Par acte d’huissier de justice du 22 juillet 2022, [A] [U] a fait assigner le Procureur de la République devant le tribunal judiciaire de Lyon aux fins, principalement, de contester le refus d’enregistrement.
Aux termes de ses conclusions notifiées par voie électronique le 5 juin 2023, [A] [U] demande au tribunal de :
— constater que le récépissé prévu à l’article 1043 du code de procédure civile a été délivré le recevoir dans sa demande et la dire bien fondée,
— dire qu’il était recevable et fondé à solliciter l’enregistrement de sa déclaration de nationalité française comme ayant été confiée à l’Aide Sociale à l’Enfance depuis au moins trois années, au titre de l’article 21-12 du code civil,
— annuler la décision de la Directrice de service de greffe judiciaires du Tribunal Judiciaire de Lyon en date du 25 octobre 2021,
— ordonner l’enregistrement de sa déclaration d’acquisition de nationalité souscrite le 5 novembre 2020,
— dire qu’il est de nationalité Française en application des dispositions de l’article 21-12 du code civil,
— ordonner la mention prévue par les dispositions de l’article 28 du code civil,
— condamner le Trésor Public à verser la somme de 1500, 00 euros sur le fondement de l’article 700 du code de procédure civile, distraits directement au profit de Maître Sandrine RODRIGUES, à charge pour le Conseil de renoncer au bénéfice de l’aide juridictionnelle en application de l’article 37 de la loi du 10 juillet 1991 relative à l’aide juridictionnelle,
— condamner le Trésor Public aux dépens.
Au soutien de ses prétentions, [A] [U] prétend justifier de sa prise en charge par les services de l’aide sociale à l’enfance conformément à l’alinéa 1° de l’article 21-12 du code civil.

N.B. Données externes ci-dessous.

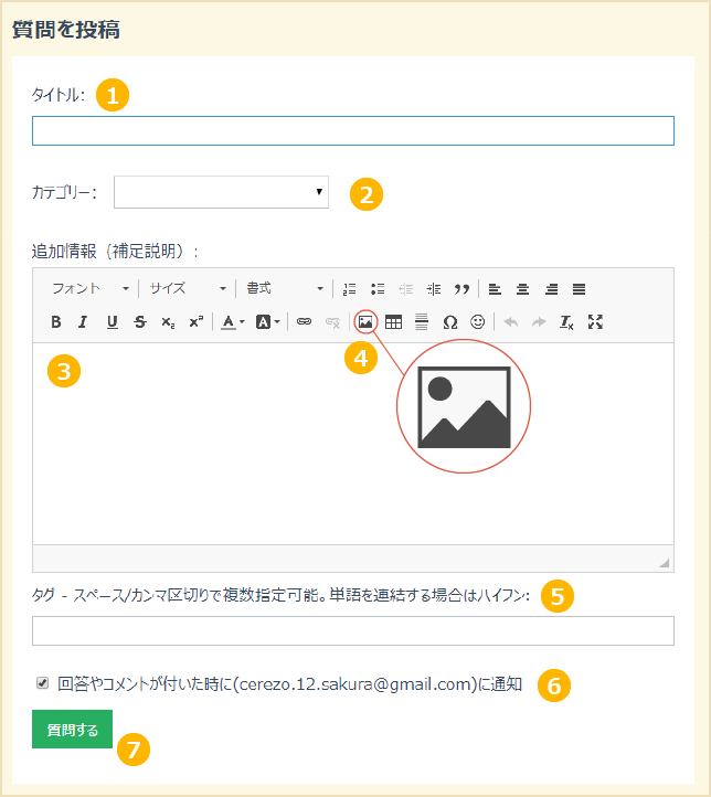 メール通知の設定回答が投稿されると、質問者に通知のメールが送信されるかどうかの設定ができます。メール通知を受けたくいない場合は、チェックをはずしてください。

En premier lieu, sur son état civil, il fait valoir que dans certains Etats les actes publics ou certains d’entre eux doivent d’abord être certifiés par une ou plusieurs autorités avant d’être apostillés par une autorité compétente. Il explique que cette procédure en plusieurs étapes conduit à l’émission d’une apostille pour la certification finale et non pour l’acte public sous-jacent de sorte que l’acte public doit être produit avec la certification apostillée pour être utilisé à l’étranger. Il revendique également le fait que la procédure en plusieurs étapes n’est pas contraire à la Convention relative à l’Apostille, celle-ci laissant aux Etats le soin de déterminer les détails quant à la façon dont les apostilles sont émises et enregistrées.
Il prétend que la directrice des services de greffe judiciaire et le Procureur de la République ne tiennent pas compte de la procédure d’apostille en plusieurs étapes mise en place par les autorités albanaises.
Il fait valoir que le manuel sur le fonctionnement pratique de la Convention Apostille confirme la possibilité d’œuvrer en plusieurs étapes et que l’Ambassade de la République d’Albanie à [Localité 8] atteste des modalités selon laquelle les actes d’état civil sont apostillées.
Il se prévaut du fait que l’Albanie a clairement désigné son Ministère des affaires étrangères pour procéder à la délivrance de l’apostille et que c’est bien l’autorité compétente qui a délivré les apostilles apposées sur les actes produits. Il prétend également que l’Albanie a choisi comme autorité intermédiaire l’autorité préfectorale du comté qui atteste de la signature et de la qualité de l’auteur de l’acte de naissance en apposant des cachets sur les actes et qu’une apostille est ensuite apposée et atteste de la signature et de la qualité de l’agent préfectoral ayant procédé aux vérifications de l’acte édicté dans son comté.
Il ajoute que le Procureur de la République ne justifie pas en quoi l’Albanie devrait être un Etat Fédéral pour opter pour une procédure en plusieurs étapes.
Il estime que chaque Etat contractant à la Convention de La Haye du 5 octobre 1961 est obligé de donner effet aux apostilles émises par les autres Etats contractants, sauf si l’apostille présente de graves irrégularités, et que si la Convention ne précise aucun motif permettant à un Etat contractant de rejeter une apostille, le manuel d’apostille établi par le Conférence de La Haye de droit international privé précise les irrégularités pouvant permettre à un Etat contractant de ne pas donner effet à l’apostille d’un autre Etat contractant. Il fait remarquer qu’il n’est toujours pas démontré que l’apostille présente de graves irrégularités.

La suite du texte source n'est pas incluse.